His death comes less than two weeks before Ecuador’s elections, scheduled for Aug. 20.
Ecuador’s attorney general’s office has since said that one suspect in the attack has been arrested and died of wounds sustained during the attack. According to local media reports, several armed individuals opened fire on the candidate, who was shot three times.
According to early reports, several others were injured in the attack; authorities didn’t say how many.
Mr. Villavicencio’s death comes amid a marked increase in violence in Ecuador, fueled by the growing presence of drug cartels in the country, with escalating drug trafficking and violent killings. It’s been a central issue in the presidential campaign.
Last week, Mr. Villavicencio mentioned that a drug trafficking gang leader had threatened him and his crew.
Mr. Villavicencio was married and is survived by five children.
“For his memory and his fight, I assure you that this crime will not remain unpunished,” Mr. Lasso wrote on X, formerly known as Twitter, on Aug. 9. “Organized crime have gone very far, but all the weight of the law will fall on them.”
The Ecuadorean president said he would gather the nation’s top security officials for an urgent meeting.

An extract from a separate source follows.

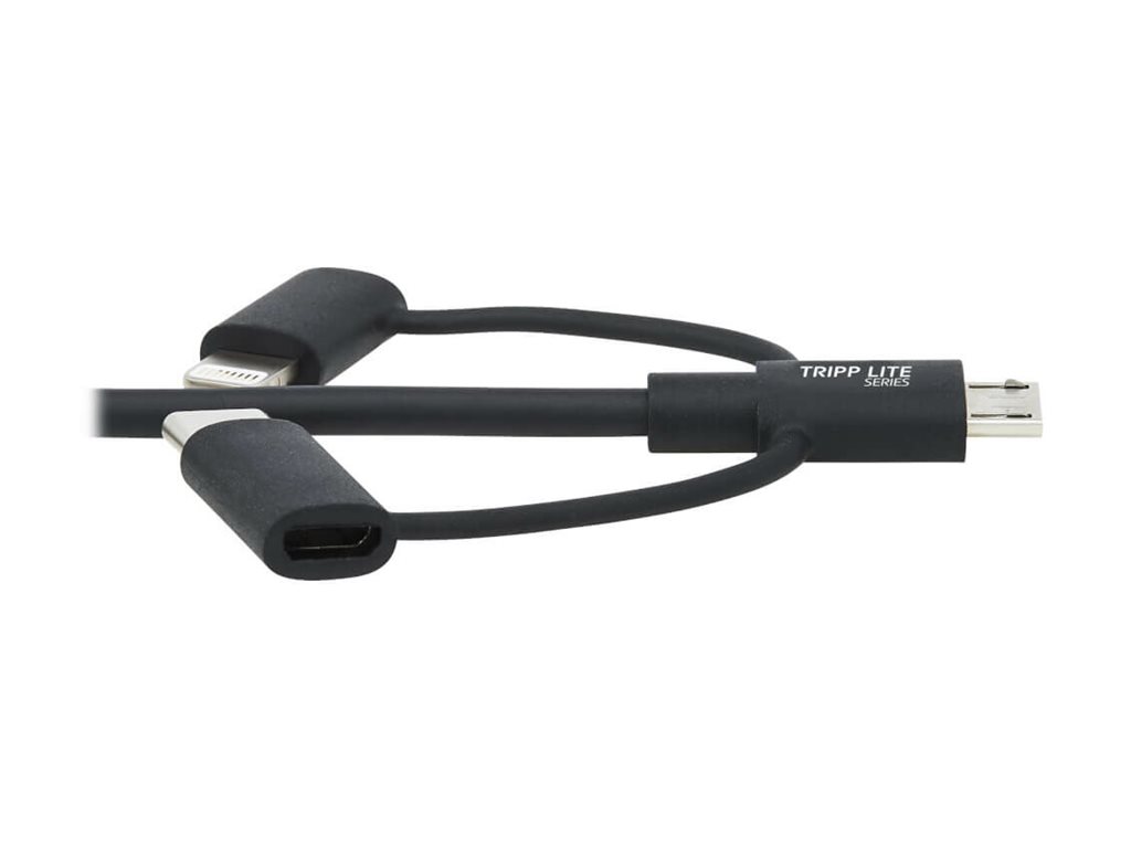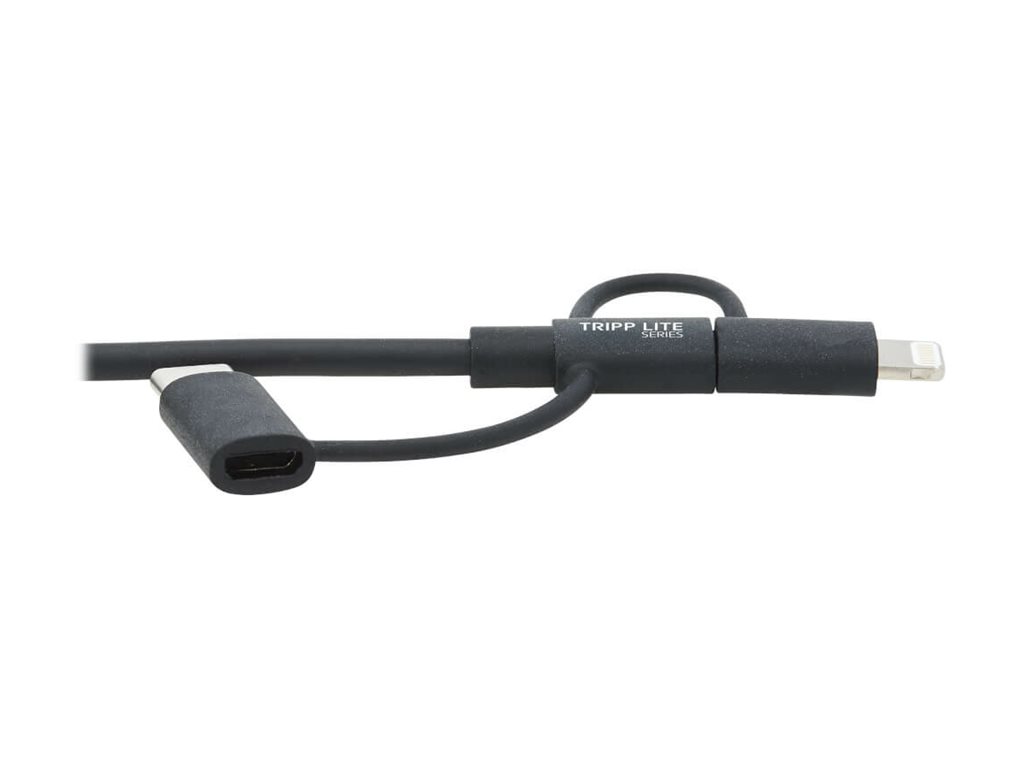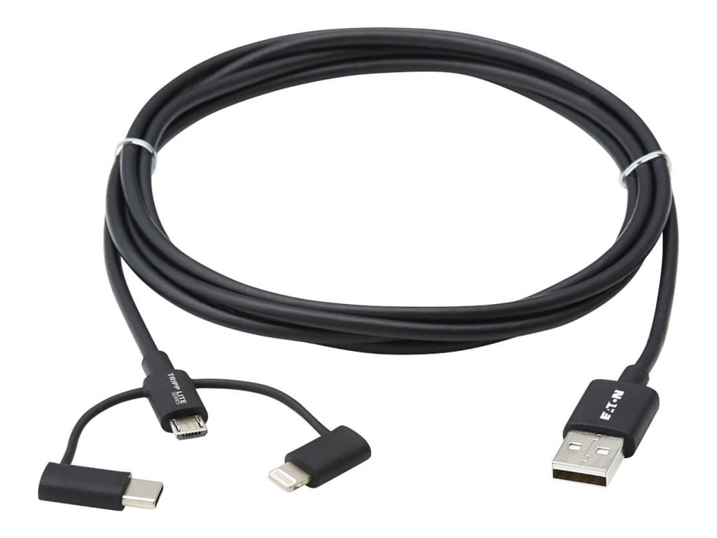 Eaton Tripp Lite Series Universal USB-A to Lightning, USB Micro-B and USB-C Sync/Charge Cable (M/3xM), MFi Certified, Black, 6 ft. (1.8 m) - Lightning-Kabel - USB männlich zu Micro-USB Typ B, Lightning, 24 pin USB-C männlich - 1.8 m - Schwarz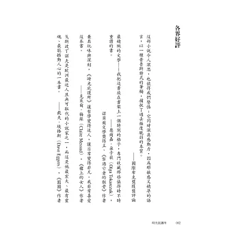◆最精緻的文學……我把這書放在書架上一個特別的格子,專門收藏那些值得時不時重讀的書。──奧爾嘉.朵卡萩(Olga Tokarczuk),諾貝爾文學獎得主、《犁過亡者的骸骨》作者

Mr. Villavicencio, who served as a lawmaker until May, when the Ecuadorian National Assembly was dissolved, was the candidate for the Build Ecuador Movement and was one of eight presidential candidates in the election scheduled for Aug. 20. Opinion polls placed him at about 7.5 percent support, which ranked him fifth out of the eight candidates. He was known as the anti-corruption candidate.
Mr. Villavicencio previously belonged to the union at the state-owned Petroecuador oil company and later transitioned into journalism.
He started his work with El Universo. As a reporter, he was recognized for challenging corruption. Throughout his career, he uncovered major governmental wrongdoing. For example, in 2015, he brought to light Ecuador’s covert operations that spied on journalists and political adversaries—Julian Assange among them—inside the embassy.
The Correa administration lasted from 2007 to 2017. For his statements made against the former president, Mr. Villavicencio received an 18-month jail sentence for defamation. He fled to indigenous territory within Ecuador and was later given asylum in Peru. While there, all charges against him were dropped in February 2018.
As a legislator, Mr. Villavicencio was criticized by opposition politicians for obstructing an impeachment process earlier this year against the Ecuadorean president, which led the latter to the call for early presidential elections.
On Aug. 8, Mr. Villavicencio made a report to the Ecuadorean attorney general’s office about an oil business, but no further details of his report were made public.
“Today more than ever, the need to act with a strong hand against crime is reiterated. May God have him in His glory,” fellow presidential hopeful Jan Topic wrote on X.